This has nothing to do with law and everything to do with Latina and female. You need not lead any particular life to interpret the law. She is openly racist and sexist. 
It isn't talk radio or conservative blogs that brought me to my conclusion. It is the very speech you posted.


----------



## seabass (Sep 26, 2002)

Sure its accurate. These people are not robots. They are humans with a history of experiences that help guide their decisions, like it or not. Alito points that out with his comments in the link I posted above. Just as Sotomayor noted in her speech,


> Personal experiences affect the facts that judges choose to see.


 I think you would have to be pretty naive to not believe that is true.

I want to add that I believe her statement is in fact not true and it was a reckless thing for her to say. However, her main point in the speech is that one's experiences, like it or not, help guide the decision making process.


----------



## seabass (Sep 26, 2002)

Plainsman said:


> > She is openly racist and sexist.
> > It isn't talk radio or conservative blogs that brought me to my conclusion. It is the very speech you posted.


  (yeah right!)

You guys are grasping at straws on this one. To think that you are hanging her out to dry by pulling a single sentence out of context from an entire speech she gave years ago. If this is all you've got, I believe she will be confirmed with no problems, whatsoever.


----------



## Plainsman (Jul 30, 2003)

> out of context


What's out of context? You posted the entire speech. I only listed the offensive part. You know as well as I do that if it was a white male that said because he had grown up rich and wealthy he would make better decisions than someone who had not experienced his life. The minorities would be marching in the streets. If that's the game they want to play fine, but lets all play by the same rules. 
I once heard an idiot on the evening news in Phoenix say that minorities could not be prejudice, that you could only be prejudice if you were white. Try to wrap your mind around that statement. Oh, and the guy was white. Here is what happened.
The blacks and Hispanics have their turf areas at the high school. They got into a fight when blacks invaded the Hispanic turf. At first they reported racist violence on the news. Later they retracted saying that no whites were involved therefore there was no racism or prejudice. Then he gave the above reason. What a bunch of political correct bs. Lack of meaningful thought and statements like that will cause more conflict than it solves. The problem is the mentally challenged will believe it.


----------



## seabass (Sep 26, 2002)

Plainsman, of course it's only offensive _if_ taken out of context.

Again, she doesn't say that her race is _better _than another race (i.e. racism), she is basically saying that her growing up as a minority will give her insight that a non-minority perhaps would not have.
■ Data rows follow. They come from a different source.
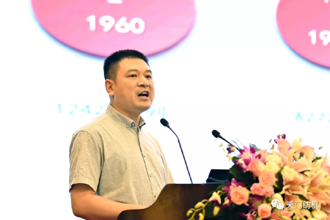 太阳成城集团总经理助理杨文峰《并条机技术创新与发展》的报告,从并条工序在纺纱流程中的地位及其发展历程的角度,阐述了并条机高速、高质、高智、低耗,绿色环保等技术创新发展趋势,分享了新型并条机在牵伸机构、自动生头、节能清洁吸风、压托条装置、智能润滑系统、自调匀整系统等方面的技术创新及应用。
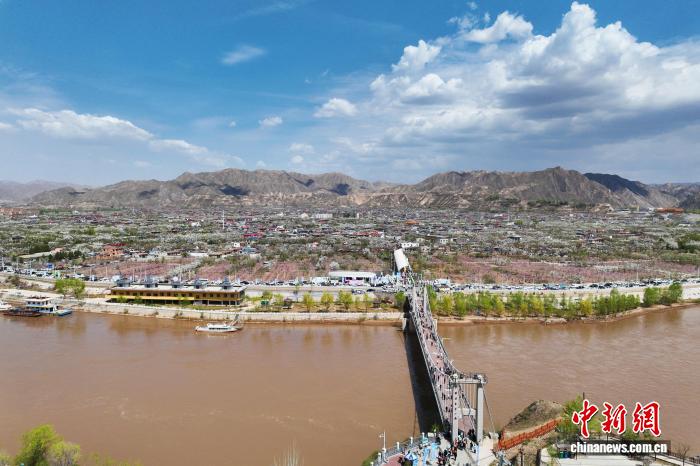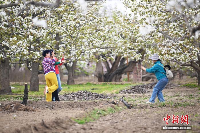 4月12日,位于甘肃省兰州市皋兰县什川古镇的万亩百年古梨园花开吸引游人踏青拍照。中新社记者 李亚龙 摄
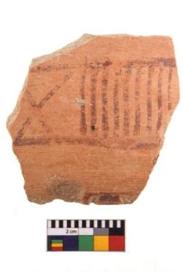 | Description / विवरण | Specimen of potsherd with decorative geometric painting. Type Black on Red Ware . |
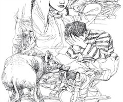 一 鼎好婆在石库门里那个废墟上靠着围墙用乱砖砌了间小屋,在里头养起了猪。不久,我妈也仿照着弄了个小屋,准备养猪。 这是一条胖嘟嘟的小黑猪。小鼻嫩嫩的,小眼睛是双眼皮,眸子清澈,有微翘的睫毛,小蹄子更如名牌皮鞋似的精致得不得了。小猪是我妈从一...
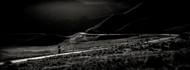 The sun had just risen over the hills highlighting the winding road through the scenic Lindis Pass on the South Island of New Zealand
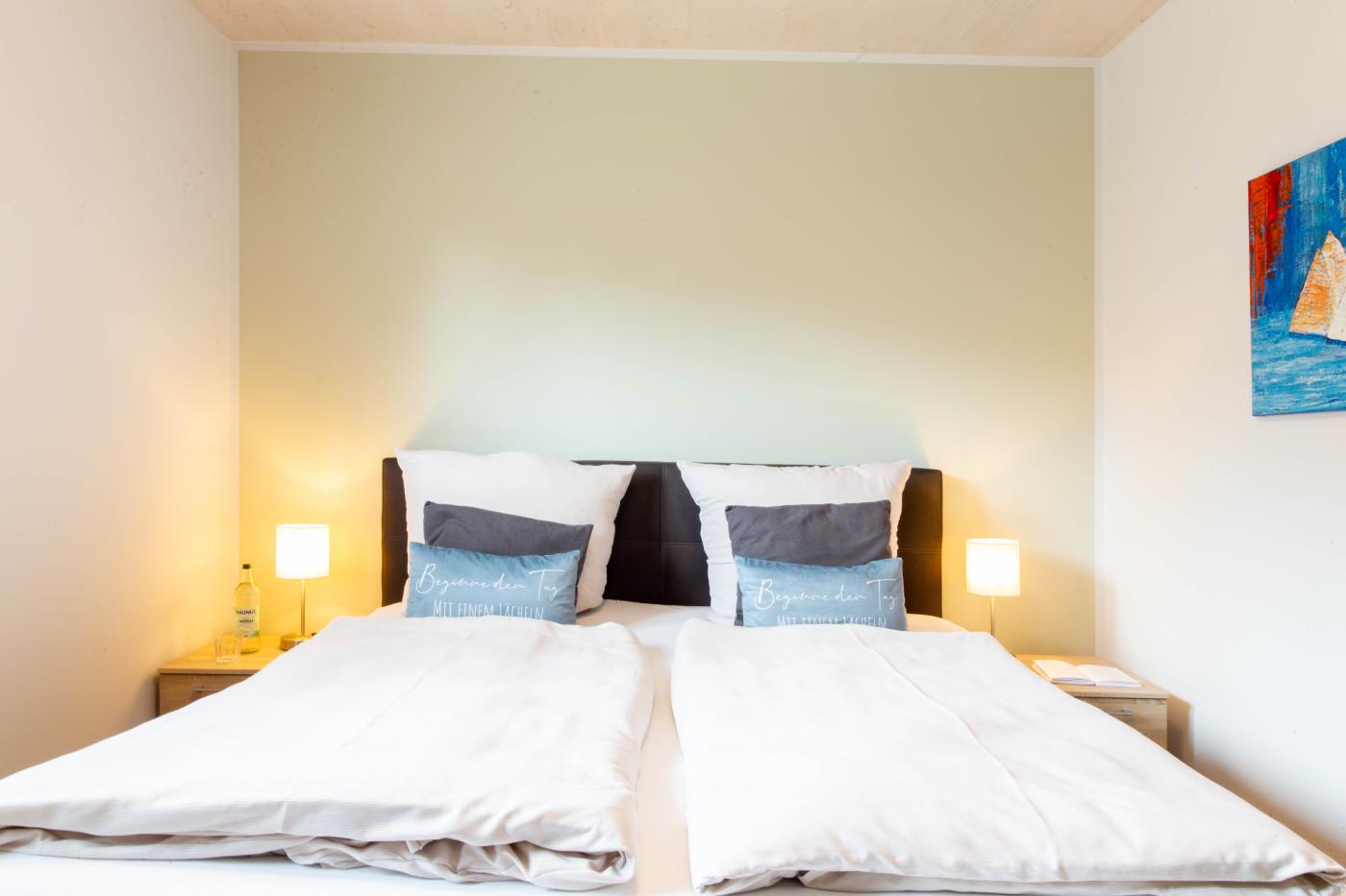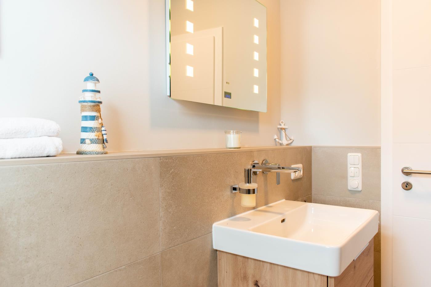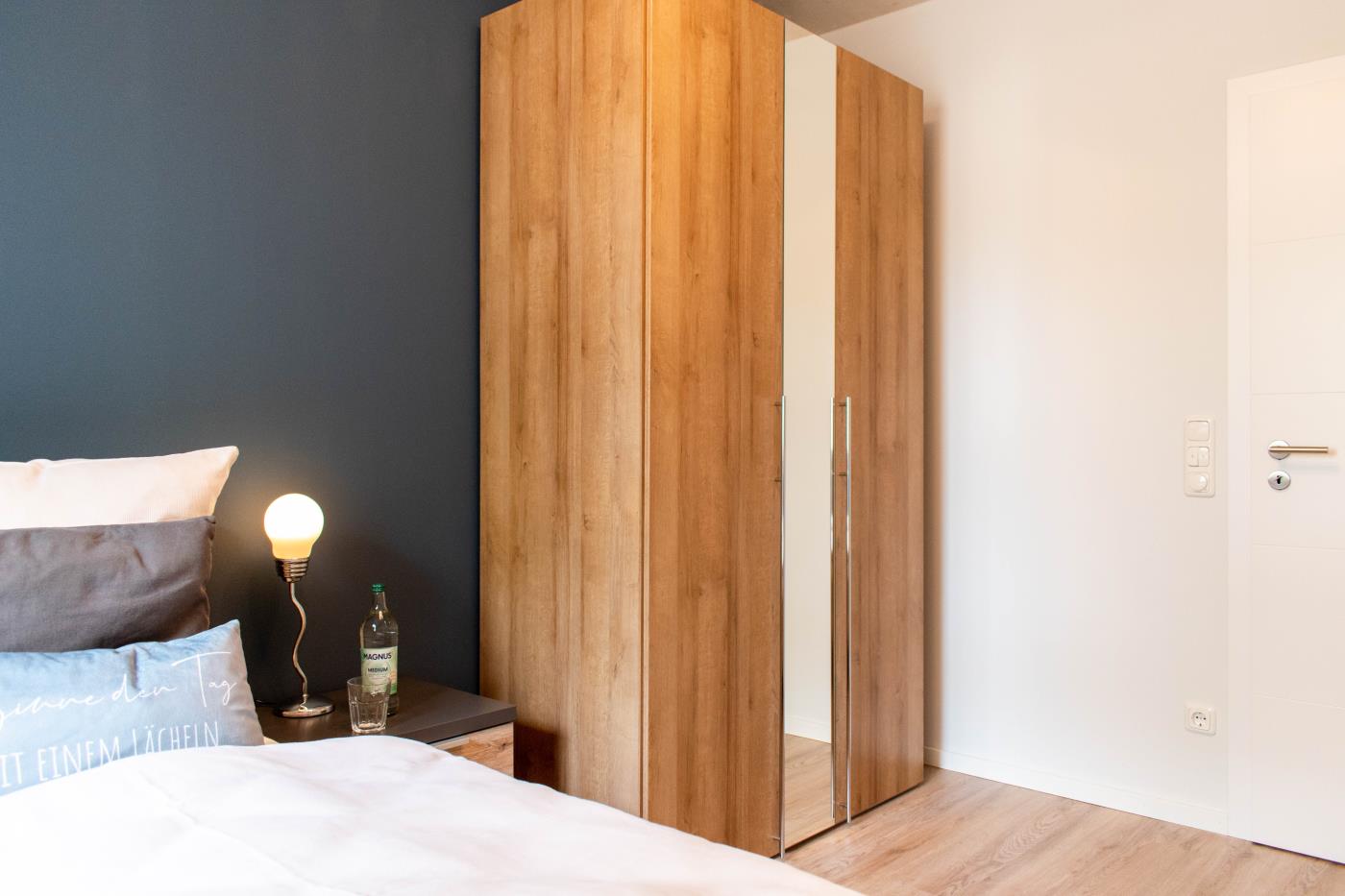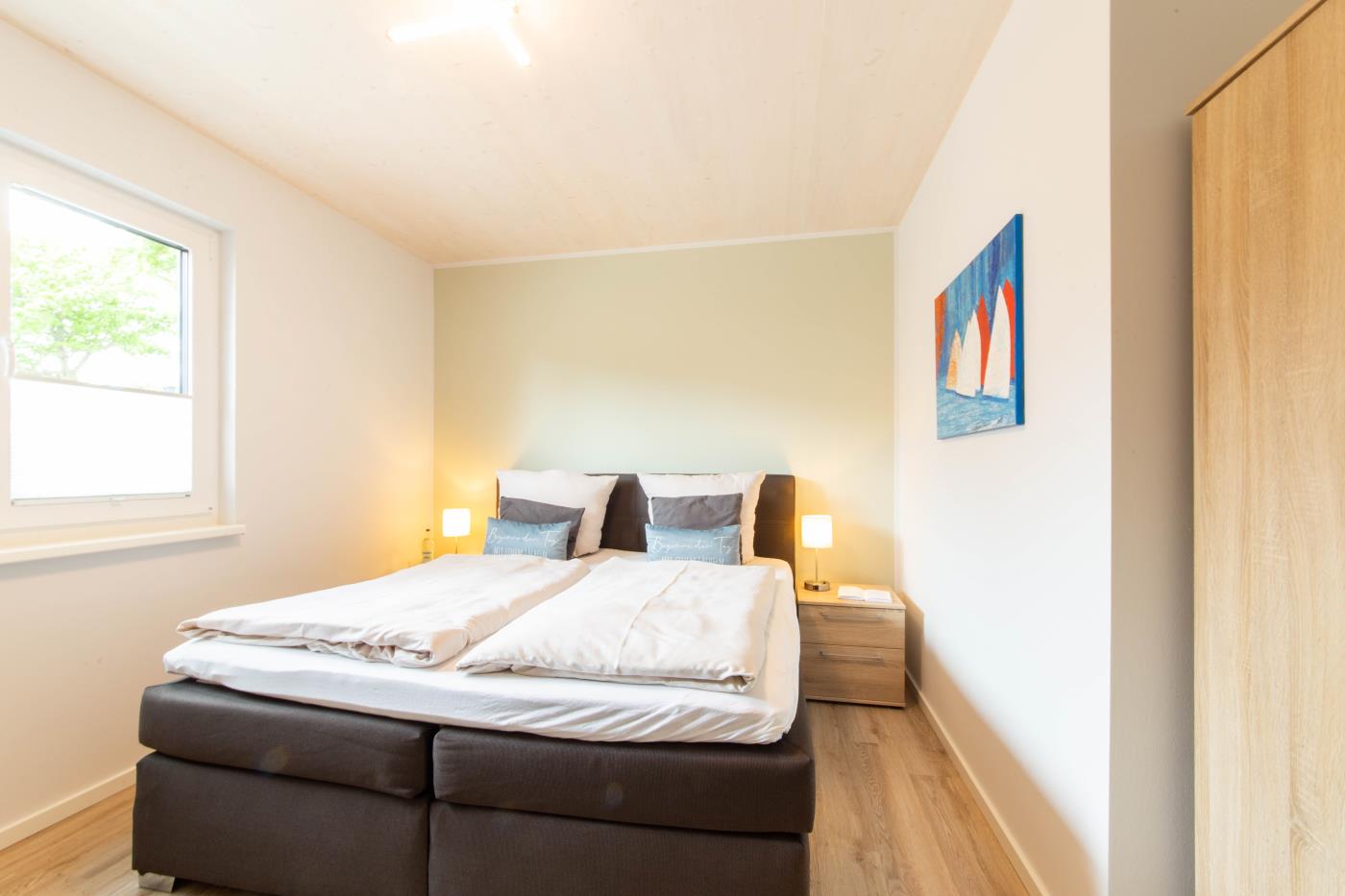 Hier bieten wir Ihnen auf 78 m² mit zwei separaten Schlafzimmern einen Neubau für vier Gäste. Eine bodentiefe Fensterfront im Wohnzimmer sorgt den ganzen Tag für eine helle und freundliche Atmosphäre. Die großzügige Sitzecke lädt zum geselligen Verweilen oder gemütlichen Entspannen ein. Der stilvolle Essbereich bietet viel Platz und ist geschickt in den Raum integriert, am großen Esstisch trifft man sich gerne zu jeder Tageszeit. Die Küche bildet mit der schicken Kochinsel das Herzstück der modernen Ferienwohnung. Die beiden Schlafzimmer sind mit gemütlichen Doppelbetten (1,80er und 1,40er Breite), Flat-TVs, Kommoden und Kleiderschränken ausgestattet. Das große Badezimmer verfügt über eine geräumige Raindance Dusche und einen Handtuchhalter. Sonnige Stunden lassen sich auf der Terrasse und im Garten genießen, das gesamte Haus ist Richtung Süden ausgerichtet.

I cannot figure out why that is hard to believe.


----------



## Bowstring (Nov 27, 2006)

seabass said:


> Plainsman, of course it's only offensive _if_ taken out of context.
> 
> Again, she doesn't say that her race is _better _than another race (i.e. racism), she is basically saying that her growing up as a minority will give her insight that a non-minority perhaps would not have. I cannot figure out why that is hard to believe.


 Do you feel that, growing up as a minority can give her a biased insight?
Like a biased insight that society didn't give minorities opportunities like the majority. Some minorities must have been given opportunities to better their lifestyle. Some might have not taken those opportunities. I don't believe she can or will be fair in her rulings if the race card is played.

JMHO


----------



## seabass (Sep 26, 2002)

She shouldn't have made that statement, I agree with that.

Everyone is biased, that's the whole point. I do feel that her growing up as a minority will give her insight that differs from others, yes. I believe thats why we have a supreme court system where several judges consider and then vote on a single case... to even out those differences.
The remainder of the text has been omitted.